Exercise:
Transcribe the entries below word for word, beginning at the line with "判决书显示,被告人邹某和程某原均就职于东方某有限公司研究所。" and stopping after the line with "В работе рассмотрены"; drop all pictures.

──────── Extracted material

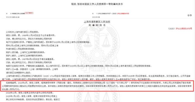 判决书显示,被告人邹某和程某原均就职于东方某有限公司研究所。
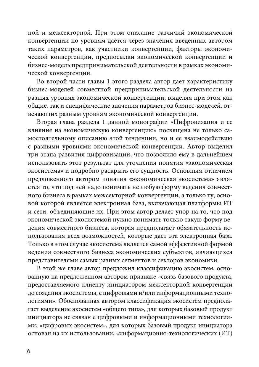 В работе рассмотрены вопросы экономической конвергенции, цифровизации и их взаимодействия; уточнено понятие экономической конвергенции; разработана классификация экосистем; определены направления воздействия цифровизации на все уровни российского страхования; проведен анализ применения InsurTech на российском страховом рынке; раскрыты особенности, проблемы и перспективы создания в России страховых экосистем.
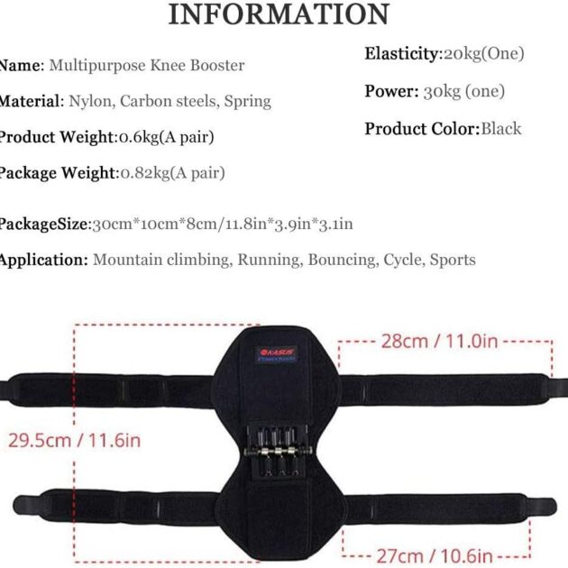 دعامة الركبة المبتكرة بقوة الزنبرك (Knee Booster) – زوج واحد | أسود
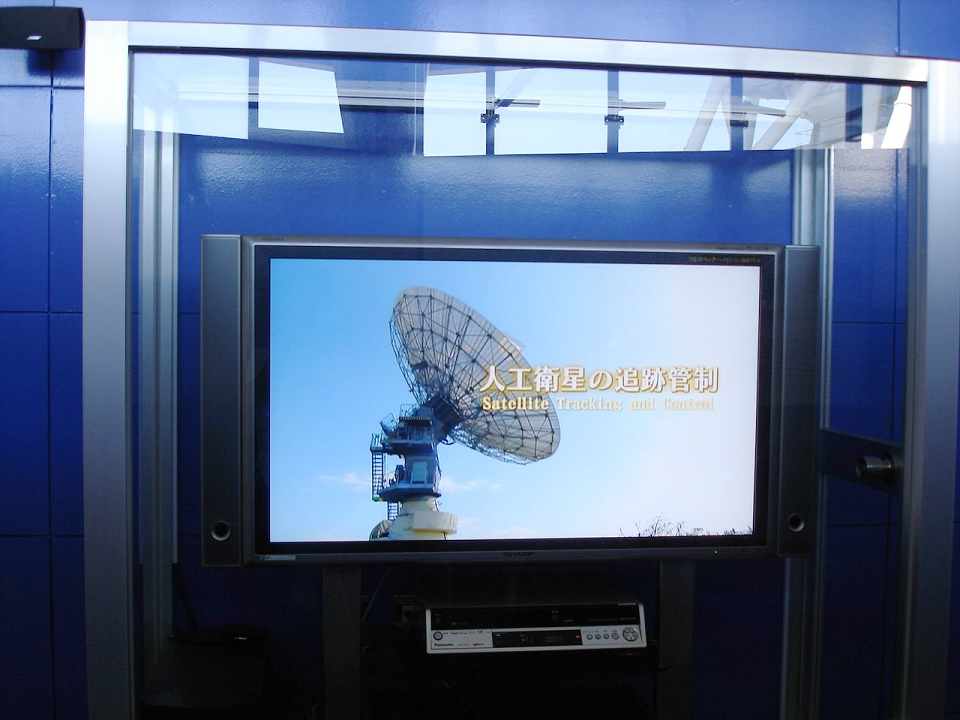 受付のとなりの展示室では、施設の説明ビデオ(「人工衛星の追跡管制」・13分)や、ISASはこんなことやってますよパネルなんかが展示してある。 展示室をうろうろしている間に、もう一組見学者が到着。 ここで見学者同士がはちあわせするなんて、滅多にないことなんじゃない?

────────────────
──────── Extracted material

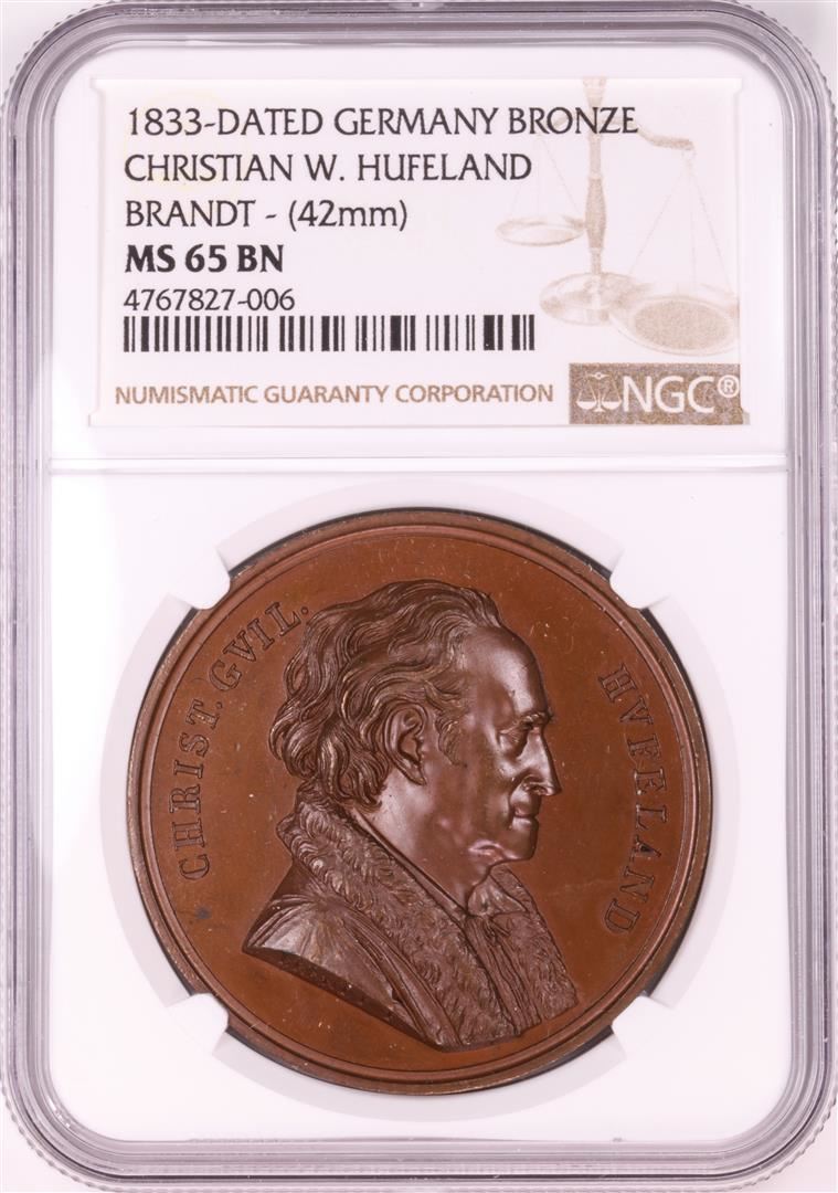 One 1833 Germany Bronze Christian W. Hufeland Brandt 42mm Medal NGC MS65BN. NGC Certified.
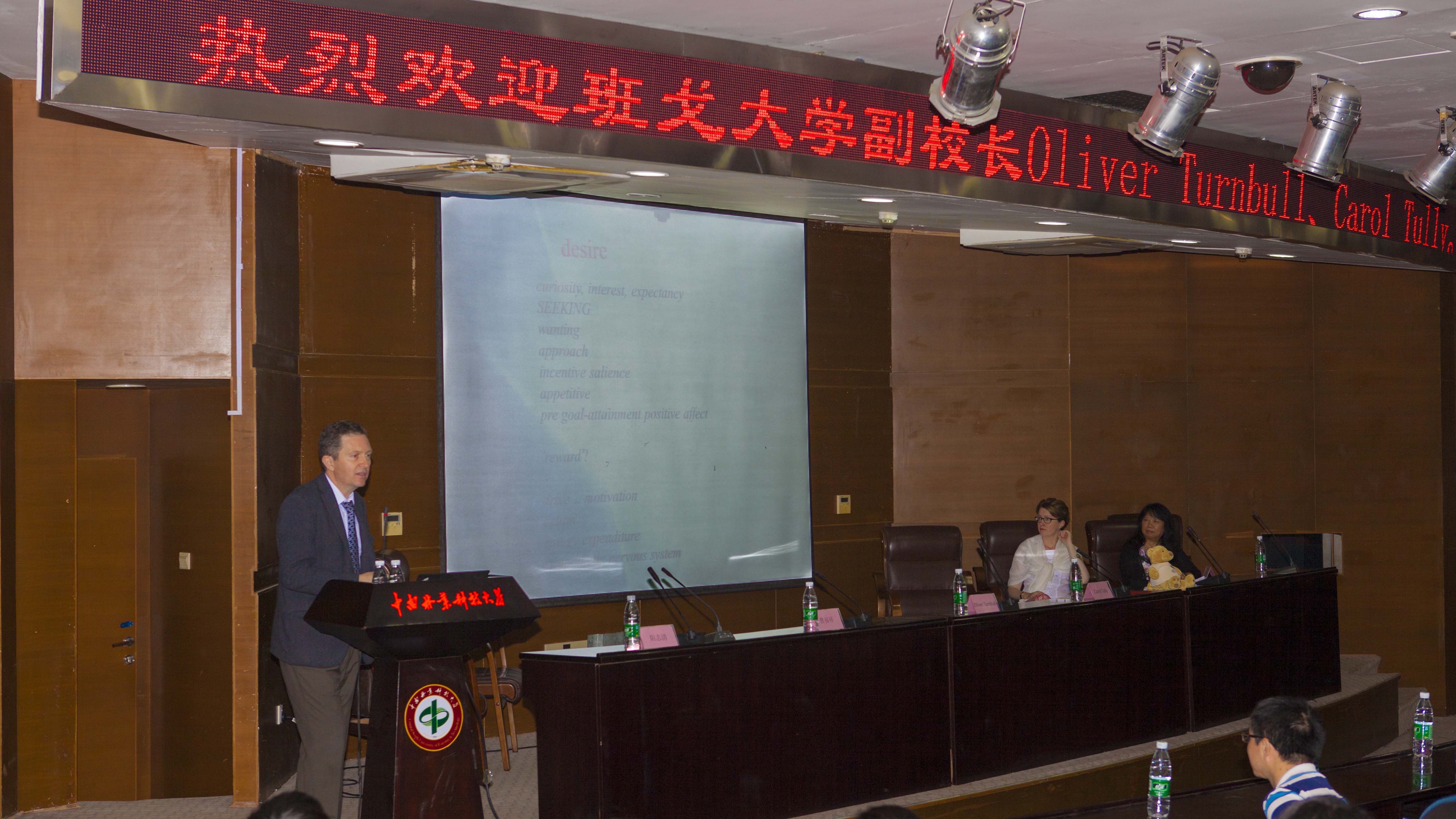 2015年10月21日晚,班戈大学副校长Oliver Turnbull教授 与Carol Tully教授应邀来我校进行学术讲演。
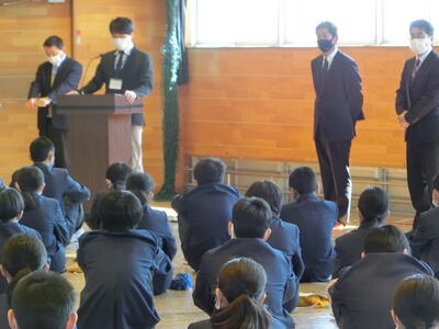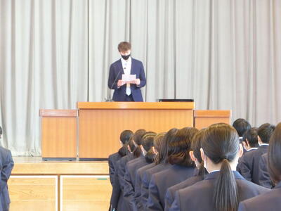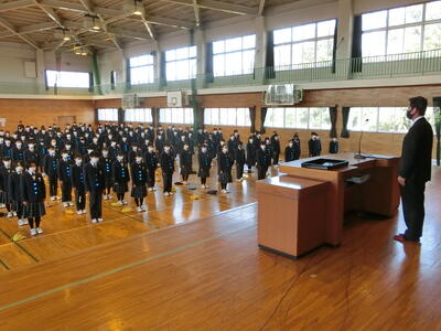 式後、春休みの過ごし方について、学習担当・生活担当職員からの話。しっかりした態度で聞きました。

────────────────

Result of this task:
 判决书显示,被告人邹某和程某原均就职于东方某有限公司研究所。
 В работе рассмотрены вопросы экономической конвергенции, цифровизации и их взаимодействия; уточнено понятие экономической конвергенции; разработана классификация экосистем; определены направления воздействия цифровизации на все уровни российского страхования; проведен анализ применения InsurTech на российском страховом рынке; раскрыты особенности, проблемы и перспективы создания в России страховых экосистем.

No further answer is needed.